Другая чернокожая, та, что вязала, так и не сняла очков и не выпустила из рук пребывавший в зачаточном состоянии темно-бордовый свитер, когда сомнамбулой прошествовала мимо, считал петли и ни разу не подняв головы. Она тоже обладала просторным, вместительным телом серальных размеров, но лицом казалась старше, худее — к тому же она была вылитой подставкой, нашей белой школьной диетврачихи, если „подставка“ — это лошадь, под вымышленной кличкой участвующая в скачках вместо другой, менее удачливой. (Лошадь, собака, червячок — природа мстит сюжетам, в которые ее не впускают, тайно проникая в них под видом образности.)
— Ну что? — сказала белая женщина.
— Это все? — спросил Чак.
Она изобразила не особо приятную улыбку и сказала:
— Всегда есть я, — с упором на „всегда“, намекая на то, сколь долго она тянет уже эту лямку, как надоела ей эта дорога.
— Беру тебя, — сказал Чак.
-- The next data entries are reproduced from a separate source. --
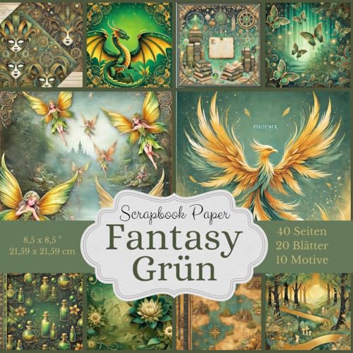 Scrapbook-Papierkollektion "Fantasy Grün": 40 Seiten Bastelpapier: Eine große Auswahl an Fantasy-Motiven in Grün 10 verschiedene Designs: Jedes Motiv ... - Größe: 21,59 x 21,59 cm (8,5 x 8,5 Zoll)
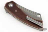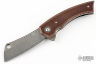 This El Chapo Flipper by David Freeman features a Chad Nichols Damascus blade with notched flipper. The handle has brown canvas micarta scales, satin titanium liners, matching Damascus backspacer, pivot collars and tip up clip with hidden screws. Very nice action, detent, and blade seating. Comes with cloth case and COA dated 6-29-21. Excellent condition.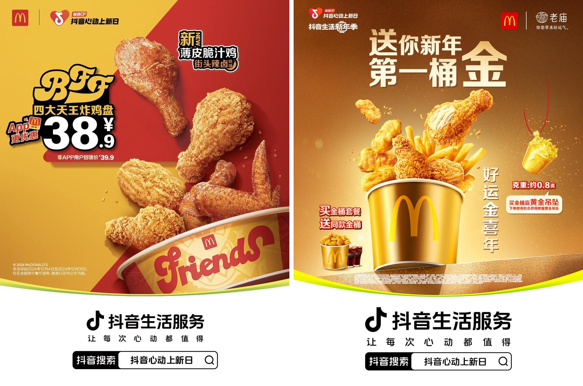 12月18日至12月25日,麥當(dāng)勞攜手熱門(mén)游戲IP“絕區(qū)零”展開(kāi)跨界聯(lián)動(dòng),并在「抖音心動(dòng)上新日」團(tuán)購(gòu)專區(qū)特別推出了59.9元、39.9元等限定IP聯(lián)名包裝充能餐,購(gòu)買(mǎi)套餐即可獲贈(zèng)游戲精美周邊,還有高度還原游戲場(chǎng)景的主題門(mén)店打卡、AR實(shí)景交互體驗(yàn)等創(chuàng)意玩法,邀請(qǐng)粉絲朋友們共赴破次元壁的快樂(lè)。12月6日至1月5日,麥當(dāng)勞與老廟黃金夢(mèng)幻聯(lián)動(dòng),攜手為用戶奉上“新年第一桶金”,結(jié)合“買(mǎi)桶送桶”超值福利、核銷后抽獎(jiǎng)得“周邊小金桶”和雙品牌直播連麥創(chuàng)意玩法,吸引了海量用戶關(guān)注,高效驅(qū)動(dòng)品牌交易轉(zhuǎn)化。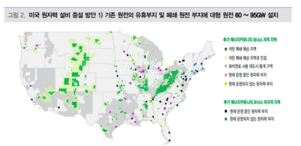 대신증권은 한국수력원자원과 웨스팅하우스(WEC)의 합작사를 통한 북미 원전시장 진출이 단순히 WEC의 AP1000 건설에 그치지 않고, 한국형 원전(APR1400) 건설까지 확대될 수 있다고 전망했다. 이에 따라 원전 업종 투자의견을 ‘비중확대(상향)’로 제시하며 톱픽으로 한전기술(목표주가 15만 원), 한국전력(4만9000원), 두산에너빌리티(8만5000원)를 꼽았다.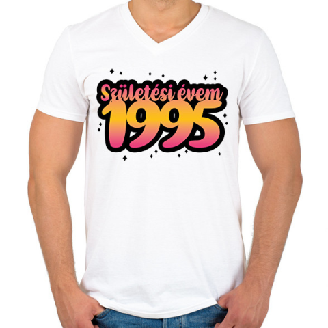 1 kép PRINTFASHION Születésem éve - Évszámmal - Férfi V-nyakú póló - Fehér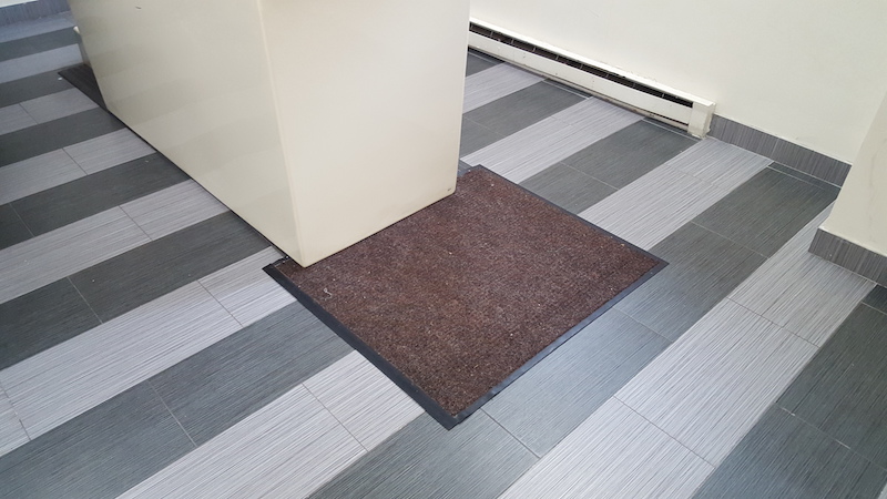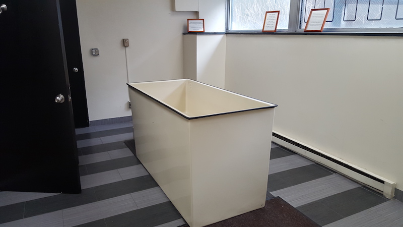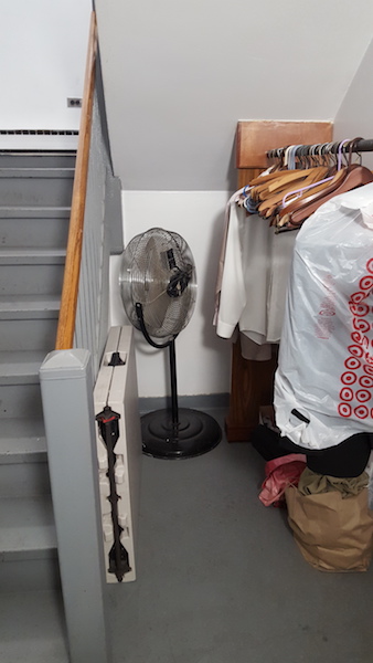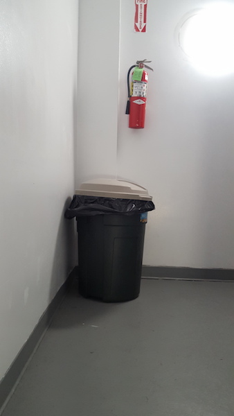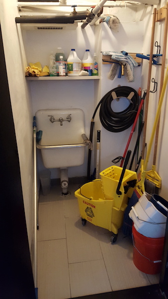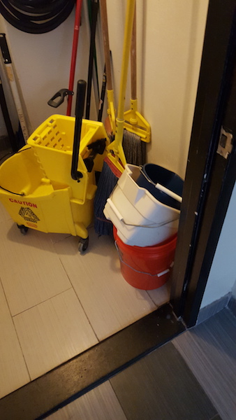 baptismal, cleaning supplies, commercial fan, folding table, garbage bins, rug, window cleaning equipment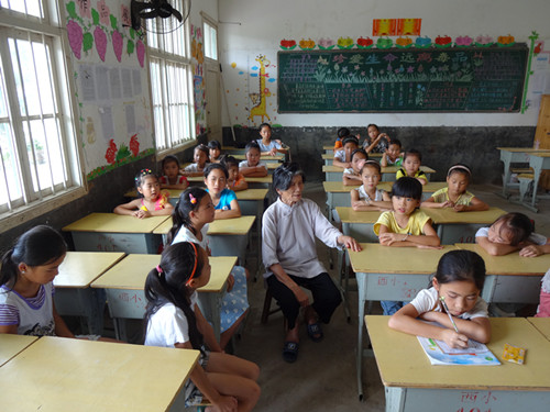 每天两个小时的教学时间,前一个小时由老歌师教唱侗歌,前三天已完成侗族儿歌和蝉之歌的教学任务,后两天把男女生分开进行河边歌(对唱)教学,从歌词到歌声循序渐进。令人欣慰的是,再调皮的孩子在学习侗歌时也会立马变得聚精会神,连上厕所也要主动征得老师同意后才去;而孩子们童稚的歌声也吸引了学校附近的村民,常常有人顶着烈日到教室外围观,甚至有个别“编外”小学员来到少年侗歌班“偷师学艺”。而后一个小时则由“古梦清泉”暑期实践团成员开展辅导,作为语言专业的石贤给歌班小学员上了两堂日语课,教给孩子们几句简单的日常用语。令人惊奇的是有个小男孩学得特别快,而且发音十分标准,被任命为领读;学得慢的小朋友我们就鼓励他们课间单独找老师辅导,多练习几遍。于是课里课外都充满好学的气氛,小朋友之间互相道礼,十分可人。而理科出生的吴绍依同学则发挥自己的专业特长,给孩子们辅导数学,耐心细致地一遍遍引导他们去思考。为了培养孩子们的集体意识,同学们还带领他们做些小游戏,一起完成小任务等。经过一周的相处,实践队员和少年侗歌班的孩子日渐亲密起来,黑板上每天更新的倒计时不仅提示着汇报演出的日期,同时也标示着大家日渐缩短的相处时间。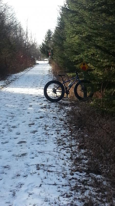 II took my fat tire bike out on the rail trail yesterday. It was cold but the sun was shining. I layered up and stayed warm. The only thing that bothered me were my toes. Couldn't keep them warm. Need to try a few things this winter.Attachment 17479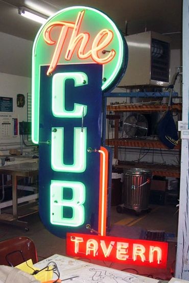 Stored by our friends at Yanke for several years, the sign started its restoration journey in stops and starts. The 'can' needed repairs and a whole lot of loving care before it could be sanded, repainted and given over to the masters at Classic Design Studio. That gorgeous, rich new coat of paint and marvelous lettering sets the stage for the carefully bent neon lettering from Rocket Neon.

Голос его не был надтреснутым, он не смягчил удар своих слов смешком и не опустил глаз. Он точно знал, чего хочет.
— Ага, я тоже, — сказали мы все по очереди, опустившись по нисходящей гамме самоуверенности, закончившейся моим шепотом.
— Тогда пошли, — сказала она, удаляясь и одним движением расстегивая молнию на платье. У двери своей спальни она задержалась и оглянулась. Платье каким-то образом превратилось струйку дыма, сизого, как чирок, и она отбросила его в сторону. Так она и стояла — дверь открыта, а за спиной у нее висячая бахрома торшерного абажура; ее нагое тело казалось бледным, как ночная бабочка, и таким же припудренным. Волосы на лобке были выбриты до черного прямоугольника. Ноги крепкие, как канаты. Она вошла и исчезла из виду. Послышалось журчание воды, и в спальню, наподдав по мячу холодного воздуха, протянулась кошачья лапа пара. За батареей пел сверчок. (Чирок, бабочка, кошка, сверчок — звериный хор щебечет и стрекочет, готовый к своему торжественному выходу в обессиленный, обезображенный шрамами мир.)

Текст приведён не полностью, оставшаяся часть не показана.